A team of University of North Carolina at Chapel Hill researchers has created robots that mimic animal muscles and skin interactions, thereby enhancing their effectiveness and safety for use within the body.

The researchers noted that the soft robots can perform various well-controlled movements — such as bending, expanding and twisting — inside biological environments.

Source: University of North Carolina at Chapel HillSource: University of North Carolina at Chapel Hill

The team also suggests that such bio-inspired soft robots employed as implants promise major advancements in the realm of surgery, diagnostics, drug delivery, prosthetics, artificial organs and rehabilitation tools, among other applications.

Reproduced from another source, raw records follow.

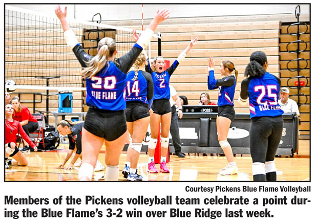 GREER — Blue Flame volleyball travelled to Blue Ridge High School on last Tuesday night to take on the Tigers in their first Region 2-4A matchup. In set one, the Blue Flame were quickly down four points, but rallied back to tie the set at 10
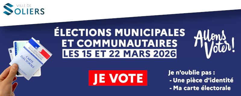 Les 15 mars, le premier tour des élections municipales et communautaires aura lieu de 8h à 18h, à la Salle Polyvalente de Soliers (bureaux de vote 1 & 2)
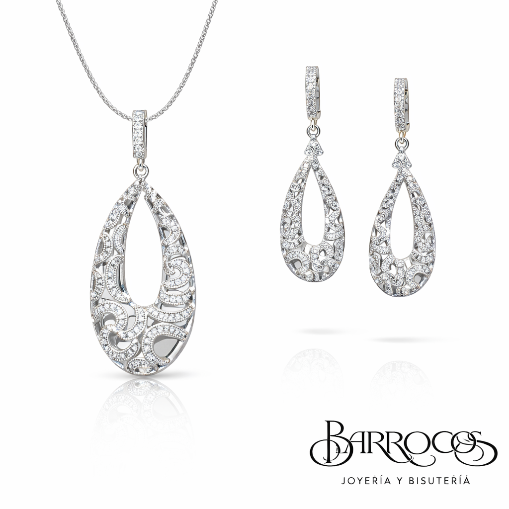 Juego de cadena con dije y aretes en plata 925 con circonia
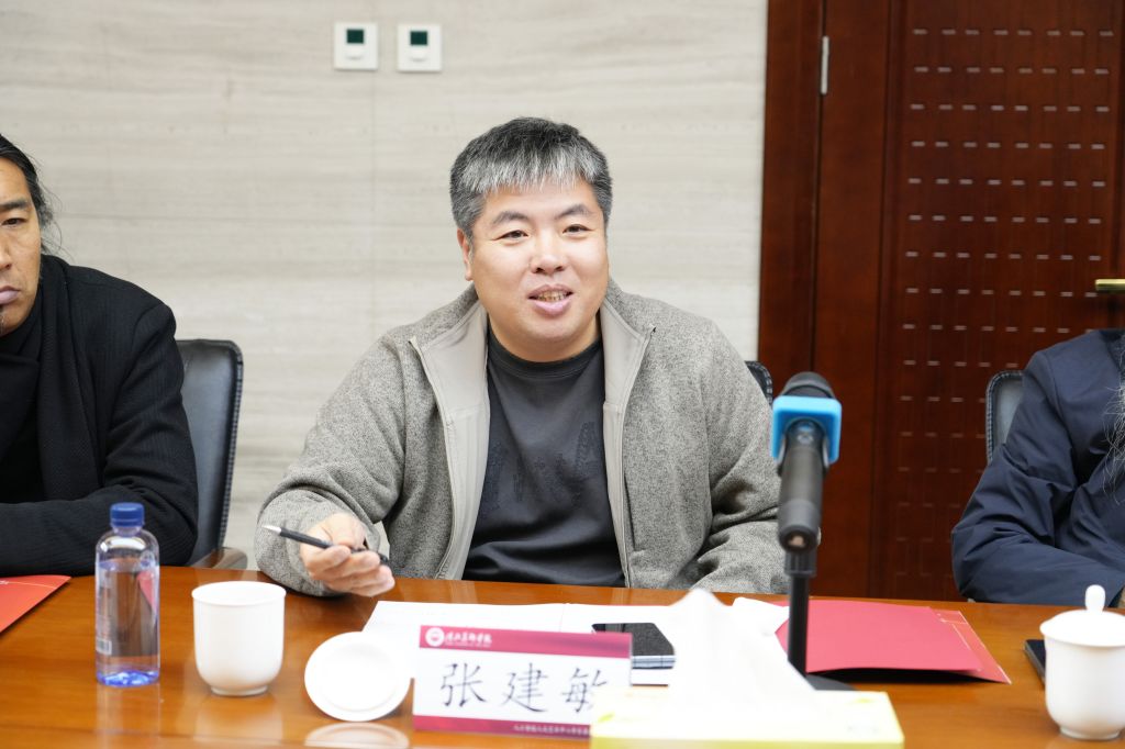 三位二级学院领导代表发言。董小龙聚焦古建筑数字化保护与文旅融合开展合作;造型艺术学院院长姜兴达侧重壁画数字修复与原创力培养;姜仁峰致力于突破西方美学倾向、打造东方美学AI作品。三位均期望依托四方合作推动AI与各自学科领域的深度融合与创新发展,围绕技术研发与人才培养,希望深化与顶尖院校的技术合作,共享优质教学资源,培养复合型智能艺术人才。
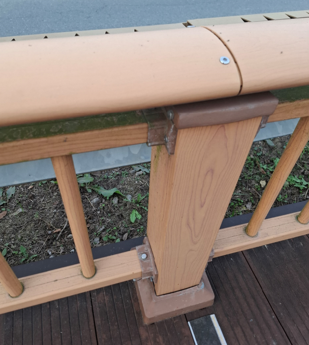 특히나 호수주변 가로수길이다보니 습기가 많고 이끼도 많이 껴서 금속부식이 더 빨라지고 물론 필림도 벗겨지는 상황이 도래할것입니다. 특히 뜨거운 여름에 난간제품이 높은 온도를 받으면 금속이 수축과 팽창을
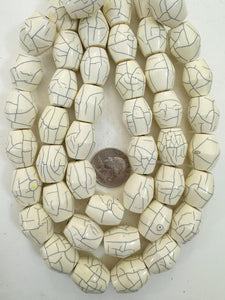 off white pale dark blue crackle, vintage look resin, 21x17mm bicone barrel, 15" strand, sold per strand
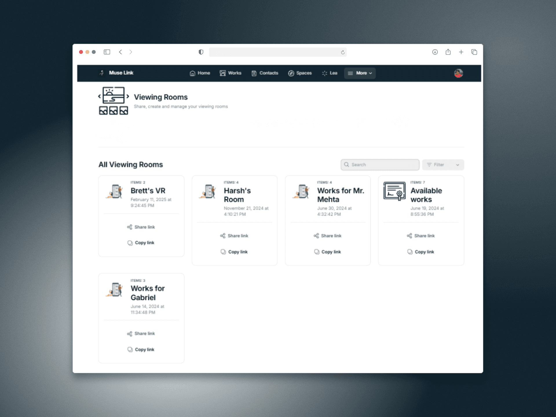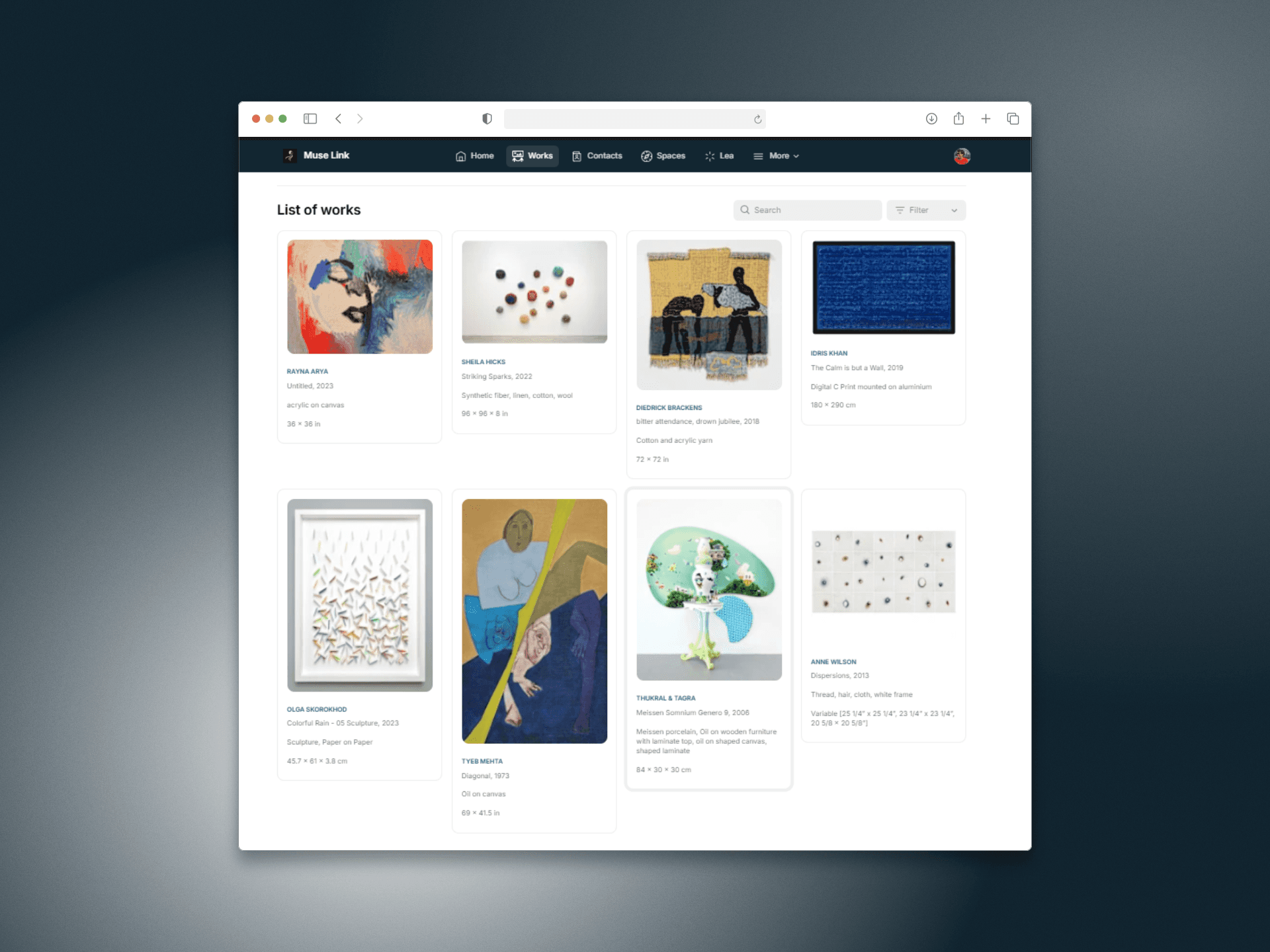 We saw a clear gap between clunky, manual methods and the overpriced, overly complex software designed for massive institutions. MuseLink was built to fill it. It’s an intuitive, powerful platform designed specifically for the modern artist and small-to-mid-sized gallery. We focused on the biggest time-sink: documentation. MuseLink makes inventory management effortless and allows you to generate professional PDFs and Certificates of Authenticity in seconds, not hours—freeing artists and gallerists to get back to the work that matters.
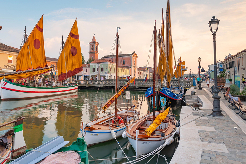 Ravenna, bekannt für seine Geschichte und antiken Kunstschätze. Sie werden beim Rundgang eine einzigartige Stadt entdecken Sant Apollinare, Mosaike, Grabmal des Königs Theoderich. Nachmittags ein Bummel durch die Gassen Cesenaticos mit seiner wunderschönen Altstadt, mit Leonardo da Vincis Hafen von 1314. Vor dem Abendessen Aperitif bei Sonnenuntergang auf der Panoramaterrasse des Hotels.
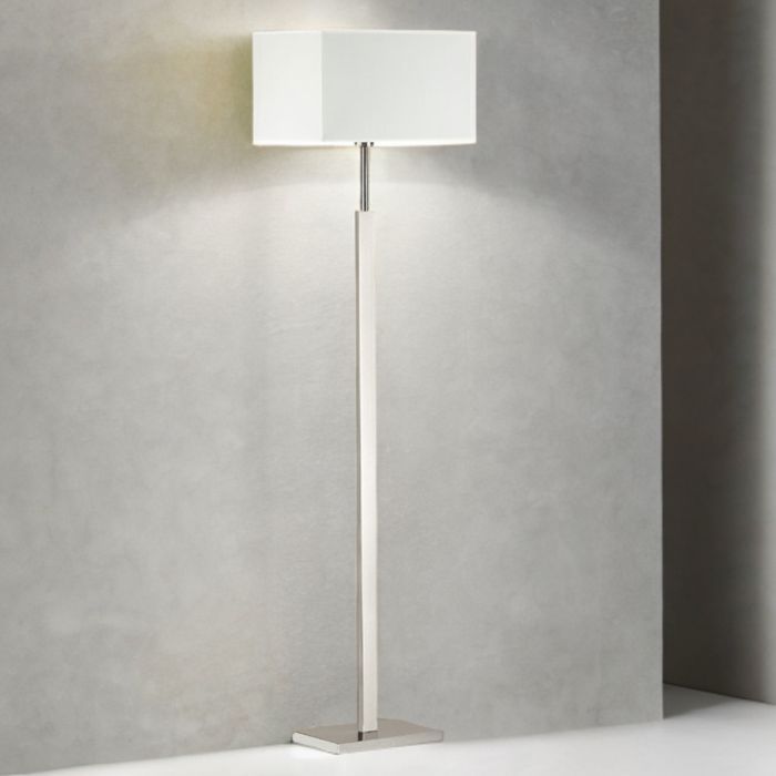This is a modern floor lamp featuring a sleek and minimalist design. The lamp has a tall, straight base finished in brushed nickel, giving it a sophisticated and contemporary look. Its clean lines are complemented by a crisp white rectangular fabric lampshade, which emits a soft, diffused light—perfect for ambient lighting in living rooms, bedrooms, or office spaces. H1570 x W290 x L400mm

Making them appropriate for such applications is that the soft robotic implants can change shape and function, much like biological tissues. Further, they can match the softness of tissues, offer therapeutic treatments and perform real-time monitoring. Additionally, the soft robotic implants reportedly enhance diagnostic and therapeutic precision by incorporating sensing and actuation, possibly functioning as artificial organs.

To create the soft robots, the team combined two layers — an electronic skin (e-skin) composed of functional nanocomposites and an artificial muscle derived from a Poly(N-isopropyl acrylamide) or PNIPAM hydrogel. The team noted that while the e-skin detects touch, pressure, temperature and chemicals, the hydrogel muscle can both retract and relax.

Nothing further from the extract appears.